In order for technologists to be able to thoroughly understand how their applications are behaving and where issues might lie, they need visibility across the application level, into the supporting digital services (such as Kubernetes) and into the underlying infrastructure as code (IaC) services (such as compute, server, database and network) they leverage from their cloud providers.
But before technologists’ rush to implement a solution to this growing challenge, there are some important factors that must be considered when thinking about observability into cloud environments.
For one, technologists should be looking to implement a purpose-built solution; one that can observe distributed and dynamic cloud-native applications. Traditional monitoring solutions continue to play a vital role, and will do so for years to come, but it becomes problematic when cloud functionality is bolted on to existing monitoring and APM solutions. Too often, when new use cases are added to existing solutions, data remains disconnected and siloed, forcing users to jump from tab to tab, to try to identify the root causes of performance issues. Very few of these solutions provide complete visibility, for example insight into business metrics or security performance, and many are naturally biased towards a particular layer of the IT stack depending on their legacy, whether that is the application or core infrastructure.
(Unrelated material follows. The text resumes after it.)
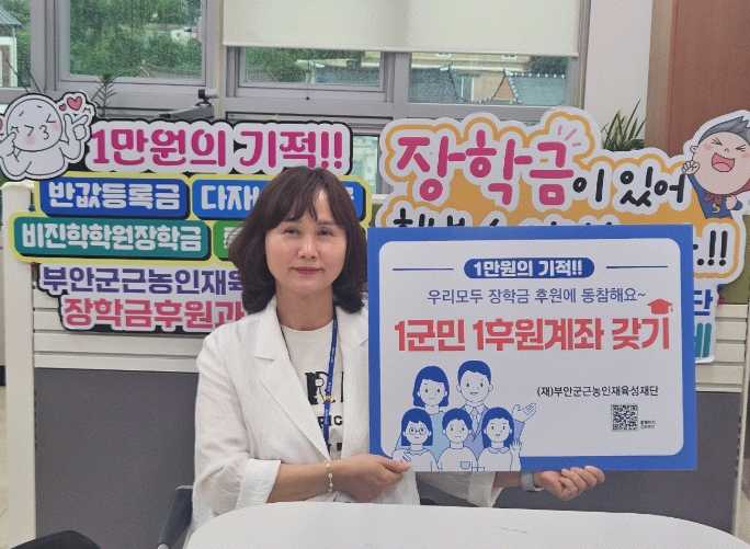 대학교 전 학년 전 학기 연간 2200여명의 학생들에게 약 20억원의 장학금을 지급해 온 부안군이 장학금 수혜자인 군민들이 후원의 주체가 되는 장기적으로 안정적이고 건전한 재단 운영기반을 마련하고자 장학금 1군민 1후원계좌 갖기 운동에 박차를 가하고 있다.

A new approach for new teams
Cloud-native applications are built in completely different ways, and they’re managed by new teams such as Site Reliability Engineers (SRE), DevOps and CloudOps, that have new and different skill sets, mindsets and ways of working compared to other functions within IT. As such, they require a completely different kind of technology to track and analyse availability and performance data. They need a solution that is truly customised to the needs of cloud-native technology stack to decipher short-lived microservices interactions with one another and which can be long gone once troubleshooting is done.
SRE and DevOps teams need a solution that embraces open standards, giving a full-stack, correlated view of all telemetry data across the technology stack, most notably, Open Telemetry. Technologists need to be able to collect all telemetry across the stack and domains and then analyse all that telemetry data, since it is interconnected and interdependent at once. A standards driven solution is essential to future-proof organisations for the next decade and beyond.
Technologists also need a solution that allows them to monitor the health of key business transactions that are distributed across their technology landscape. If an issue is detected, they need to follow the thread of the business transaction’s telemetry data, so they can quickly determine the root cause of issues, with fault domain isolation and triage the issue to the correct teams for expedited resolution.
Finally, technologists should be looking for a solution that combines observability with advanced AIOps functionality. They need to leverage the power of AIOps and business intelligence to prioritise actions for their cloud environments. In the future, organisations will utilise AI assisted issue detection and diagnosis with insights for faster troubleshooting. Ultimately, it allows technologists to focus more quickly on what really matters, where and why it happened.
Over the last two years we have seen a seismic evolution in applications and technologists need to ensure that their monitoring capabilities keep pace. From understanding how highly distributed cloud-native applications work and predicting incidents, to adopting new ways to gather vast amounts of MELT telemetry data, teams across ITOps, DevOps, CloudOps and SREs need contextual insights that provide business context deep within the tech stack.
Only with the right cloud-native observability solution in place, will IT teams and their organisations be able to optimise the benefits of modern applications, driving enhanced digital experiences for customers and improved business outcomes.